Christopher S. Lathan, M.D. from the Dana-Farber Cancer Institute recently explained in a press release how lung cancer, the deadliest cancer among all Americans, affects African Americans differently from other racial groups. Lathan treats patients suffering from lung cancer and studies how the disease affects the African American population in particular.
Researchers such as Lathan have found that racial differences do in fact affect the progression of lung cancer and can impact how the disease is effectively prevented and treated. In order to better understand these differences, the National Cancer Program of the National Cancer Institutes and the National Institutes of Health recently partnered in a joint research effort to provide information to both patients and families on these differences and how people can take preventative action to avoid lung cancer.
Lathan said that, “of all ethnic/racial and gender groups in the United States, African American men are the most likely to develop lung cancer and also to die from the disease. We don’t know why that is. Smoking alone cannot explain the high incidence and mortality from the disease in African American men.” In spite of this fact, high risk factors for lung cancer, such as smoking, remain an unaddressed problem in the African American community. “My research suggests that African Americans are less likely than whites to think that changing their behavior or lifestyle would decrease their risk of developing lung cancer. This concerns me because getting people to quit smoking is critical for making progress against this disease.”

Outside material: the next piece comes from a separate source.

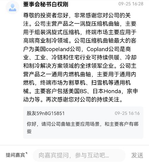 【问】贵司柴发业务开展如何【答】美心翼申:尊敬的投资者您好,非常感谢您对公司的关注。公司有生产柴油发动机曲轴。再次感谢您对公司的持续关注。

Even though smoking does not account for all incidences of the disease, as 15 percent of lung cancer patients are nonsmokers, smoking is still an important trigger and several research projects are currently underway to better understand additional risk factors. However, African American patients that Lathan sees erroneously report that they do not think their community is significantly affected by lung cancer, despite the fact that the disease indeed has a wider impact on African Americans. “I also hear people say that there are no treatments for lung cancer, yet treatments are available,” he says.
Lathan advises patients to quit smoking immediately and offers them help in order to reduce the difficulty in quitting. In addition, he also recommends that all patients — smokers and ex-smokers alike — be screened for lung cancer based on their age and smoking history.
For those in the African American community that are diagnosed with lung cancer, Lathan is quick to note that there is still hope. “When detected at an early stage, lung cancer can be treated with surgery, radiation and chemotherapy,” stated the physician. “Unfortunately, the disease is frequently found at more advanced stages, when it cannot be cured. This is a tough disease to treat—we’re curing only about 15 percent of people with lung cancer.”
Lathan believes that with the growing trend of personalized medicine, it is currently easier to identify lung cancer patient subgroups and their probability of responding to targeted treatments.”These new therapies are often better at controlling cancer and have fewer side effects than traditional chemotherapy,” Lathan said.
“In the future, we’re going to detect more lung cancers at earlier stages, when they may be treatable. We’re also making progress in treating lung cancer that has spread to other parts of the body. And, finally, fewer people smoke today than in the past. All of these things make me hopeful that things are going to get better with this disease. We just have a ways to go.”